* **Data extracts**:
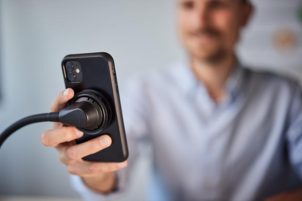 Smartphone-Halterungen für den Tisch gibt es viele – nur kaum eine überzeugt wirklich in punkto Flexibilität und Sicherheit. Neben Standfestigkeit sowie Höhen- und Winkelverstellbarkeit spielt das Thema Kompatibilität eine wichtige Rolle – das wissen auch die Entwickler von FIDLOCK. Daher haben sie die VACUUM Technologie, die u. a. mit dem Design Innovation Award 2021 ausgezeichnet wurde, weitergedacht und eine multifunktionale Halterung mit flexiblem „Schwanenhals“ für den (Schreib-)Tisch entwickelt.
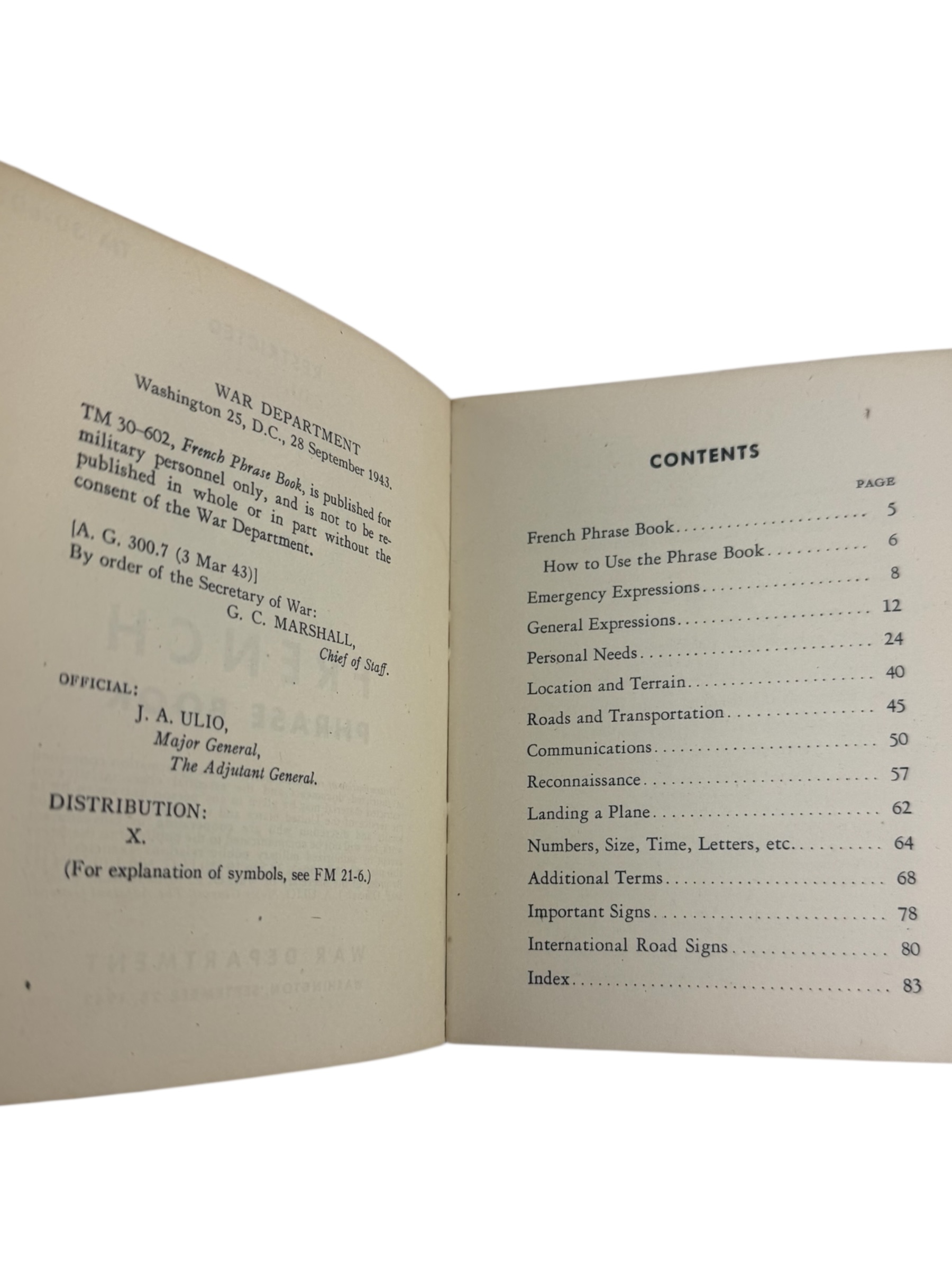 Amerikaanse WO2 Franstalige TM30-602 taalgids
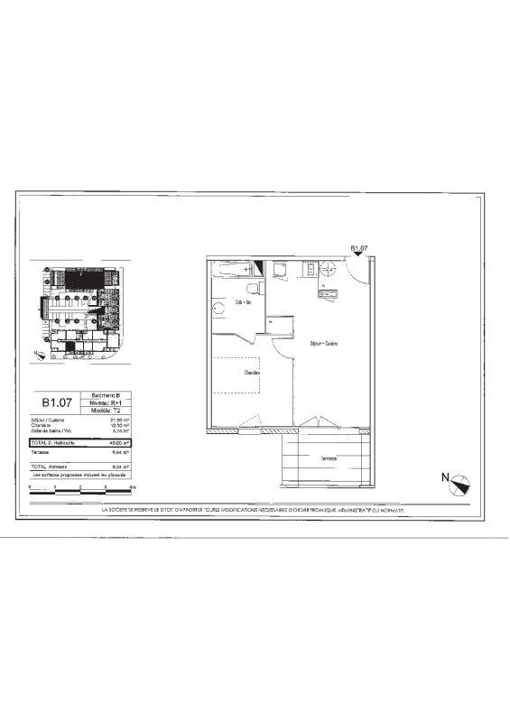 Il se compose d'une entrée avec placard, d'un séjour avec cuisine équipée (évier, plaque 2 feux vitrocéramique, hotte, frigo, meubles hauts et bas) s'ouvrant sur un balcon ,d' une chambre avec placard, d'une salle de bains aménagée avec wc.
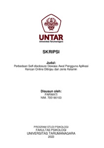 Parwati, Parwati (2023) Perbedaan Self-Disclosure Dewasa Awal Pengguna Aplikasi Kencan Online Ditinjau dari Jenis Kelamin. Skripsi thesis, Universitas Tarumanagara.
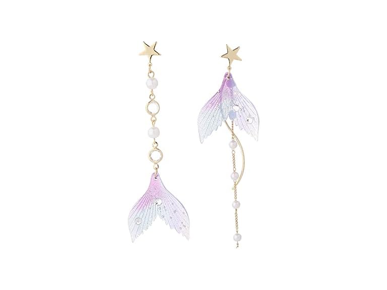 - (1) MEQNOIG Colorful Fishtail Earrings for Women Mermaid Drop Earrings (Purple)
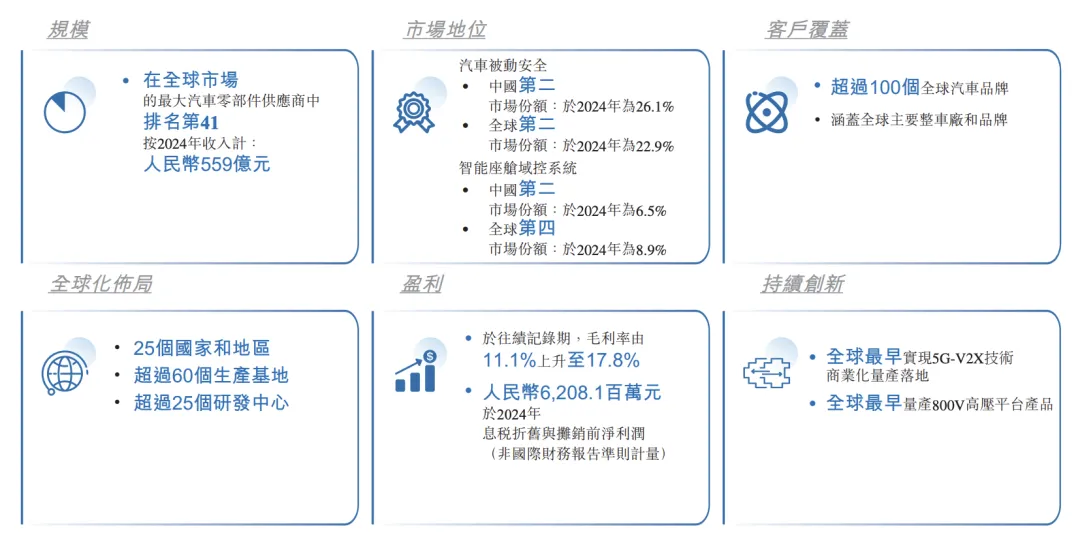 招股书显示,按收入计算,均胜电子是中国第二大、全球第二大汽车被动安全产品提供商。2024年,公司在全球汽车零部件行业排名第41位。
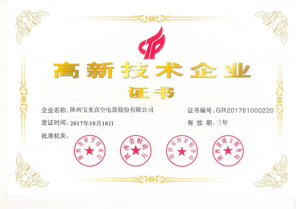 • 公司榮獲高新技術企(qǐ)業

...

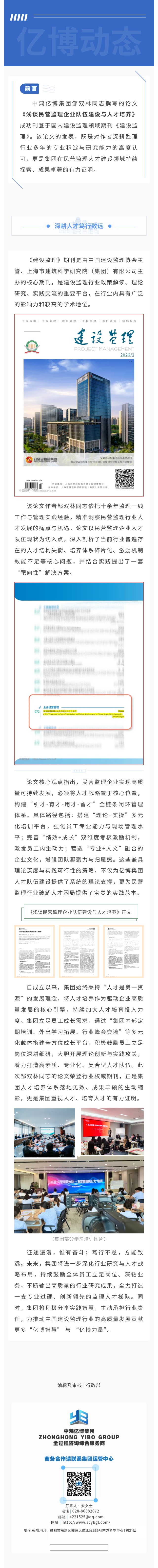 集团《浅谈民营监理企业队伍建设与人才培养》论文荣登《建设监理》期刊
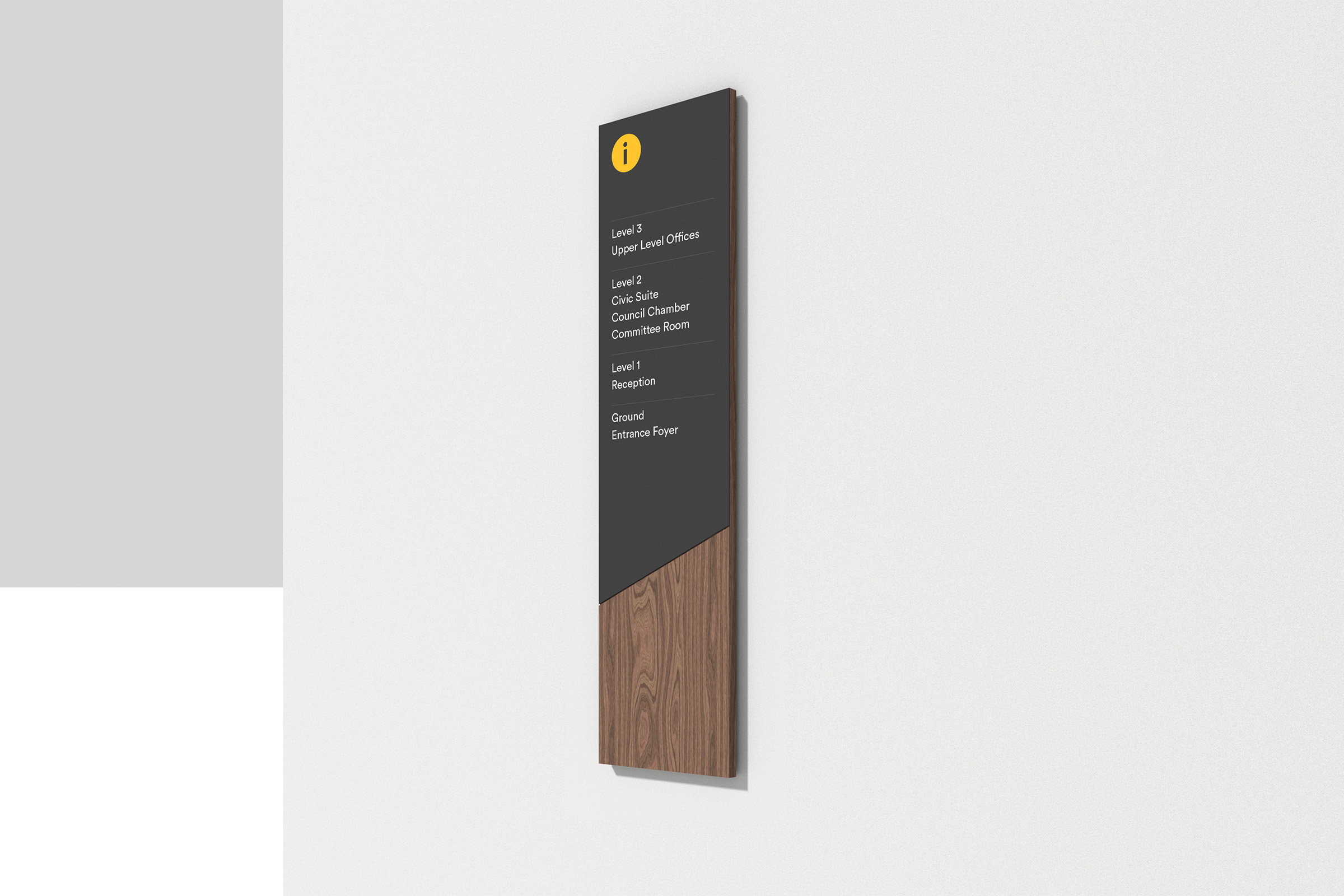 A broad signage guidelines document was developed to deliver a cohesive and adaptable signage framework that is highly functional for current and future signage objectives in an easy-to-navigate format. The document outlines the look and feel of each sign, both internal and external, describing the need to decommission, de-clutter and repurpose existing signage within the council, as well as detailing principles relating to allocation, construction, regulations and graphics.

* **Task prompt**: Please repeat the lines of the material above exactly, starting with the line that contains "Amerikaanse WO2 Franstalige" and ending with the line that contains "- (1) MEQNOIG". Leave the pictures out.

* **Solution for this exercise**:
 Amerikaanse WO2 Franstalige TM30-602 taalgids
 Il se compose d'une entrée avec placard, d'un séjour avec cuisine équipée (évier, plaque 2 feux vitrocéramique, hotte, frigo, meubles hauts et bas) s'ouvrant sur un balcon ,d' une chambre avec placard, d'une salle de bains aménagée avec wc.
 Parwati, Parwati (2023) Perbedaan Self-Disclosure Dewasa Awal Pengguna Aplikasi Kencan Online Ditinjau dari Jenis Kelamin. Skripsi thesis, Universitas Tarumanagara.
 - (1) MEQNOIG Colorful Fishtail Earrings for Women Mermaid Drop Earrings (Purple)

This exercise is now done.